Threaded planet computation (and a few more speedups) #3847

gzotti · 2024-08-09T22:31:27Z

Description

This is a revamped version of #3794 which was too experimental and is hereby superseded. (The attempted trial of using std::transform_reduce() showed useless.)

All SolarSystem object (SSO) computations so far were run on the main thread. This branch allows splitting the SSO position loop onto several threads. Likewise, the far-to-near sorting can be split. This is useful in case of thousands of objects. Given the complexity of drawing commands, there is not much use for more than 4 additional worker threads even for 25.000 objects. The additional threads can be configured or even suppressed in GUI.

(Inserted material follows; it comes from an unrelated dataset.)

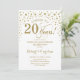Goldene 20-jährige Jubiläumsfeier Einladung Elegantes Design mit Imitaten Glitzer Goldfolie. Enthält Skript-Schriftart und Konfetti-Diamanten. Feiert bis 20 Jahre! Kann angepasst werden, um jedes Jahr der Ehe zu zeigen. Nachricht, wenn Sie weitere Anpassungen benötigen.

Further, using the Intel VTune profiler, I have identified a series of sometimes surprising inefficiencies addressed in the later commits of this PR.

With 27.701 SSO objects with some default setting (Preetham atmosphere, a few gridlines, stars, landscape), this improves framerate from about 6 (V24.2) to about 18.

A new feature that is possible by this is a display of symbolic markers for minor bodies. These are plotted regardless of accuracy of orbital elements, and just provide an impression of distribution of the minor bodies. Color coding is applied per pType. The colors are currently hardcoded. However, drawing those many objects, despite adding code similar to StarMgr for mass drawing, is slow. I hope another developer can optimize StelPainter so it could be re-used instead of frequent buffer alloc/delete.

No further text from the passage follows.